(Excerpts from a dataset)
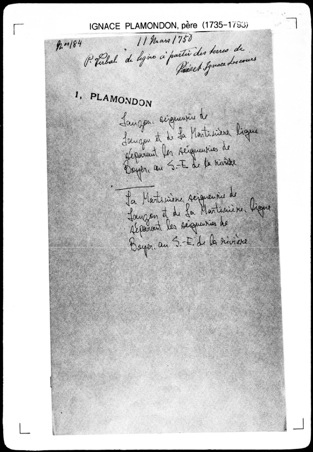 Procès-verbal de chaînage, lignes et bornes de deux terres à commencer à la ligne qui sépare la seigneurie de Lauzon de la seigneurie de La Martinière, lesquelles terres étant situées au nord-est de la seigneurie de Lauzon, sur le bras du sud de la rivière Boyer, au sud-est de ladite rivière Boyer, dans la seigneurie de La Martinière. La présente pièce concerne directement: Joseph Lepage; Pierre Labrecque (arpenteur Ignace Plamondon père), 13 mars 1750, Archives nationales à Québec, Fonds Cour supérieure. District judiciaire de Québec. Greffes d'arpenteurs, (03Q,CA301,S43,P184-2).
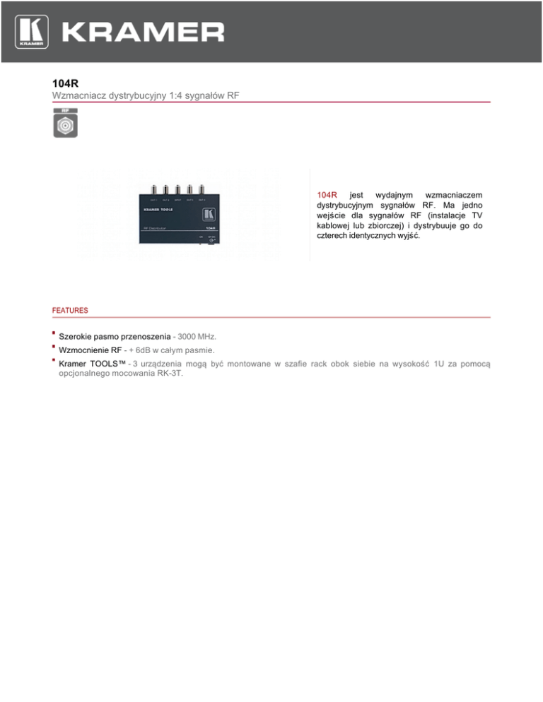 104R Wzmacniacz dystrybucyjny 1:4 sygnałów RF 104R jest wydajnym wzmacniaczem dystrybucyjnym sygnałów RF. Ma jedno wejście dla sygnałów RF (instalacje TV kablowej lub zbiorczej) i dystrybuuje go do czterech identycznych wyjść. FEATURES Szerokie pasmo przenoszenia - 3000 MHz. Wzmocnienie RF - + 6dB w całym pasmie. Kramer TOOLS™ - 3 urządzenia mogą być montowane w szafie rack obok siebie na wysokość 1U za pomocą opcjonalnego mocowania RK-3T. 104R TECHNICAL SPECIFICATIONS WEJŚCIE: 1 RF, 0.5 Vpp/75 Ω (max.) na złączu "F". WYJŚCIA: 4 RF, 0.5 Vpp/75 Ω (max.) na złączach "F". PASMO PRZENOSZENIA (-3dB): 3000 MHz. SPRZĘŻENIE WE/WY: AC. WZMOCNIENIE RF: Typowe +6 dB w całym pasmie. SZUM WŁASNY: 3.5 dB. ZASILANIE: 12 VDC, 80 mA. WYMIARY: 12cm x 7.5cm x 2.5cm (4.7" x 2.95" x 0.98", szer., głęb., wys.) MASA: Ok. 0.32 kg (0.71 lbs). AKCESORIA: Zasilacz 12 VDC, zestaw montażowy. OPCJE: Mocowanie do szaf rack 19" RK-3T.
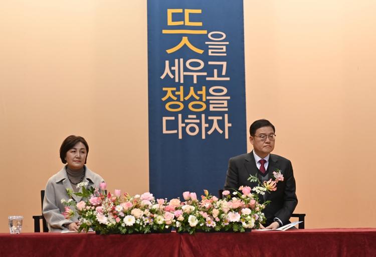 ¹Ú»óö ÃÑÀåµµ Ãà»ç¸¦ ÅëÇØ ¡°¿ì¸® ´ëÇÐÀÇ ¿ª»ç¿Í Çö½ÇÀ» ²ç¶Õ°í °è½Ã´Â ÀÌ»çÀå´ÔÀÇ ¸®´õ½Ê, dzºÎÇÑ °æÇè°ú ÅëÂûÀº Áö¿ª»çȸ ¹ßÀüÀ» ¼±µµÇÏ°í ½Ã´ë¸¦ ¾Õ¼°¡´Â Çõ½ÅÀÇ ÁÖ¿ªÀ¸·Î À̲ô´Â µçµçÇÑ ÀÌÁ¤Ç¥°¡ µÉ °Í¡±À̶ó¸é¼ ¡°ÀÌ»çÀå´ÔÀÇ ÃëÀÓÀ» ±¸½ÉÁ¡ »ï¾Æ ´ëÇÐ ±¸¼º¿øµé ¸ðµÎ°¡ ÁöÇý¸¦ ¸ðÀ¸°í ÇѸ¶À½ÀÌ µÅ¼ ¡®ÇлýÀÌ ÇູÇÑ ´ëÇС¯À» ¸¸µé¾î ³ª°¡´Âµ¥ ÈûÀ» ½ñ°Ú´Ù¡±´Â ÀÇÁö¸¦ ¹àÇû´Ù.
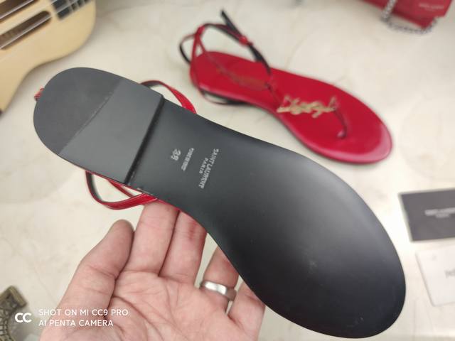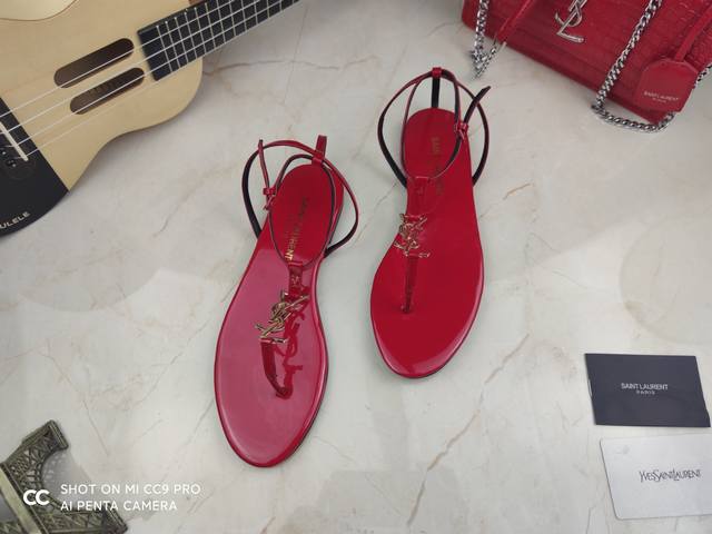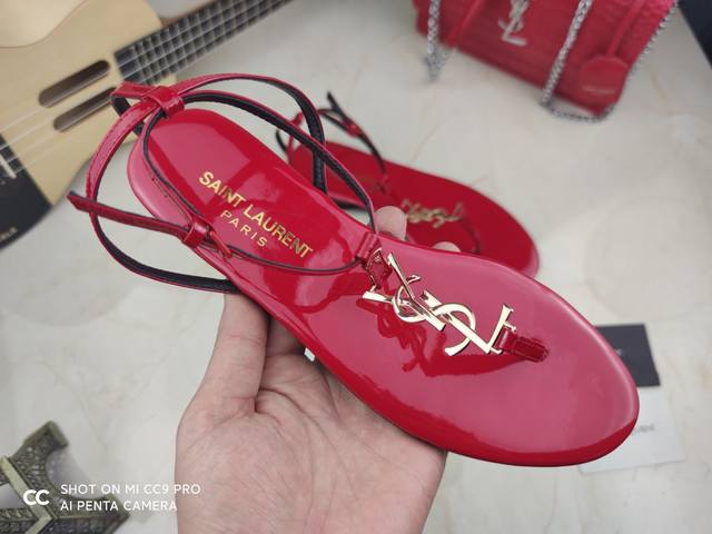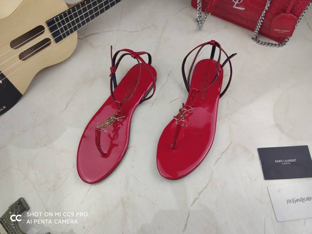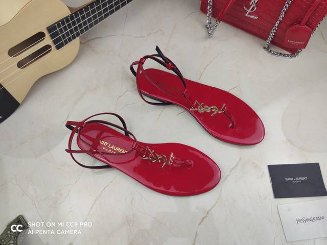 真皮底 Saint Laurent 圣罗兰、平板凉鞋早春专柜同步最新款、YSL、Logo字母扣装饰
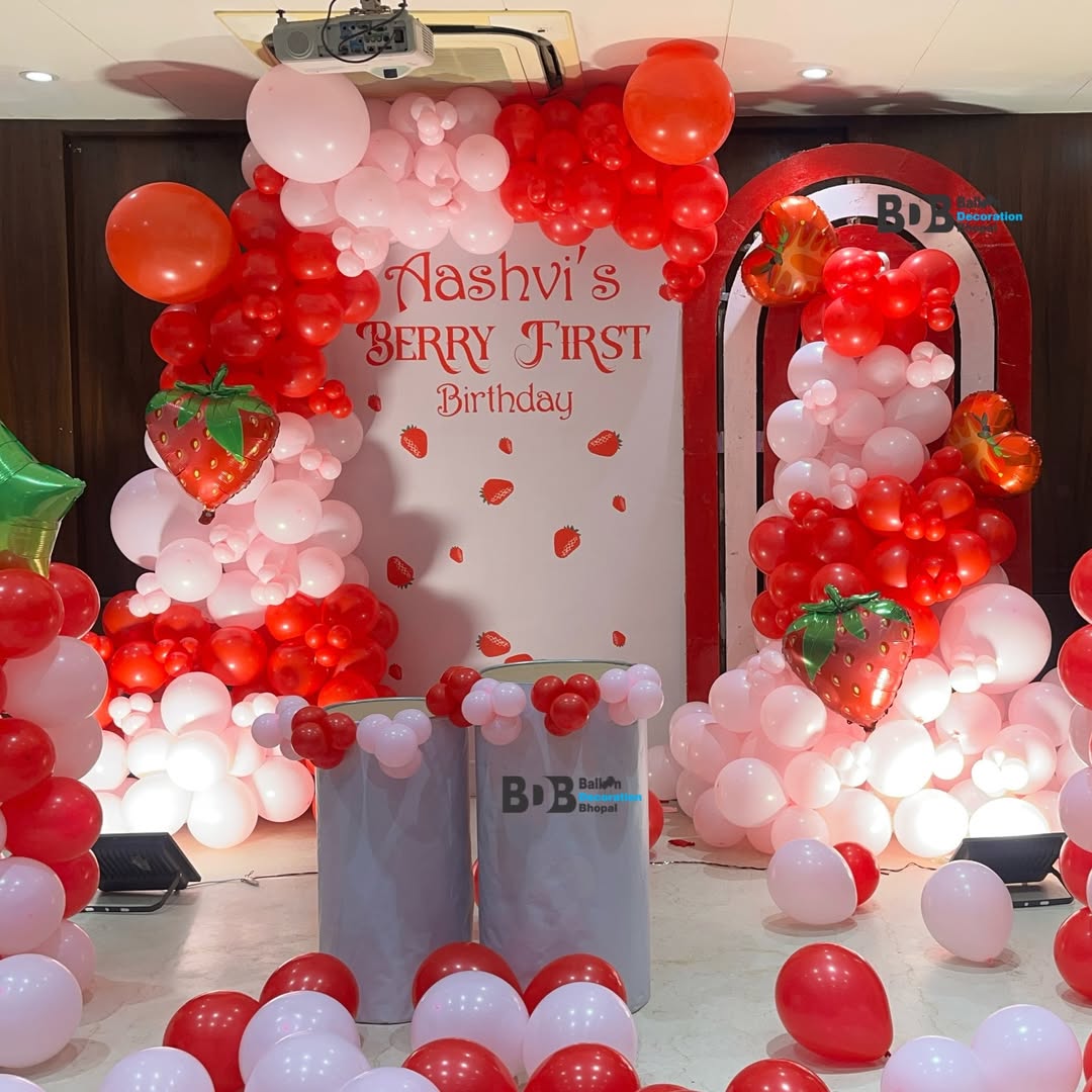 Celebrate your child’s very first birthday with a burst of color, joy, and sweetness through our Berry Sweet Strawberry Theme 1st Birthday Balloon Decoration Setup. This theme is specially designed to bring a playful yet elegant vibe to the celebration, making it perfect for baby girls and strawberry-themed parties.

### [Work item]
Extract precisely the lines beginning at the line containing "104R Wzmacniacz dystrybucyjny" and ending at the last line of the entries above, exactly as written and with no pictures.

### [Exercise answer]
 104R Wzmacniacz dystrybucyjny 1:4 sygnałów RF 104R jest wydajnym wzmacniaczem dystrybucyjnym sygnałów RF. Ma jedno wejście dla sygnałów RF (instalacje TV kablowej lub zbiorczej) i dystrybuuje go do czterech identycznych wyjść. FEATURES Szerokie pasmo przenoszenia - 3000 MHz. Wzmocnienie RF - + 6dB w całym pasmie. Kramer TOOLS™ - 3 urządzenia mogą być montowane w szafie rack obok siebie na wysokość 1U za pomocą opcjonalnego mocowania RK-3T. 104R TECHNICAL SPECIFICATIONS WEJŚCIE: 1 RF, 0.5 Vpp/75 Ω (max.) na złączu "F". WYJŚCIA: 4 RF, 0.5 Vpp/75 Ω (max.) na złączach "F". PASMO PRZENOSZENIA (-3dB): 3000 MHz. SPRZĘŻENIE WE/WY: AC. WZMOCNIENIE RF: Typowe +6 dB w całym pasmie. SZUM WŁASNY: 3.5 dB. ZASILANIE: 12 VDC, 80 mA. WYMIARY: 12cm x 7.5cm x 2.5cm (4.7" x 2.95" x 0.98", szer., głęb., wys.) MASA: Ok. 0.32 kg (0.71 lbs). AKCESORIA: Zasilacz 12 VDC, zestaw montażowy. OPCJE: Mocowanie do szaf rack 19" RK-3T.
 ¹Ú»óö ÃÑÀåµµ Ãà»ç¸¦ ÅëÇØ ¡°¿ì¸® ´ëÇÐÀÇ ¿ª»ç¿Í Çö½ÇÀ» ²ç¶Õ°í °è½Ã´Â ÀÌ»çÀå´ÔÀÇ ¸®´õ½Ê, dzºÎÇÑ °æÇè°ú ÅëÂûÀº Áö¿ª»çȸ ¹ßÀüÀ» ¼±µµÇÏ°í ½Ã´ë¸¦ ¾Õ¼°¡´Â Çõ½ÅÀÇ ÁÖ¿ªÀ¸·Î À̲ô´Â µçµçÇÑ ÀÌÁ¤Ç¥°¡ µÉ °Í¡±À̶ó¸é¼ ¡°ÀÌ»çÀå´ÔÀÇ ÃëÀÓÀ» ±¸½ÉÁ¡ »ï¾Æ ´ëÇÐ ±¸¼º¿øµé ¸ðµÎ°¡ ÁöÇý¸¦ ¸ðÀ¸°í ÇѸ¶À½ÀÌ µÅ¼ ¡®ÇлýÀÌ ÇູÇÑ ´ëÇС¯À» ¸¸µé¾î ³ª°¡´Âµ¥ ÈûÀ» ½ñ°Ú´Ù¡±´Â ÀÇÁö¸¦ ¹àÇû´Ù.
 真皮底 Saint Laurent 圣罗兰、平板凉鞋早春专柜同步最新款、YSL、Logo字母扣装饰
 Celebrate your child’s very first birthday with a burst of color, joy, and sweetness through our Berry Sweet Strawberry Theme 1st Birthday Balloon Decoration Setup. This theme is specially designed to bring a playful yet elegant vibe to the celebration, making it perfect for baby girls and strawberry-themed parties.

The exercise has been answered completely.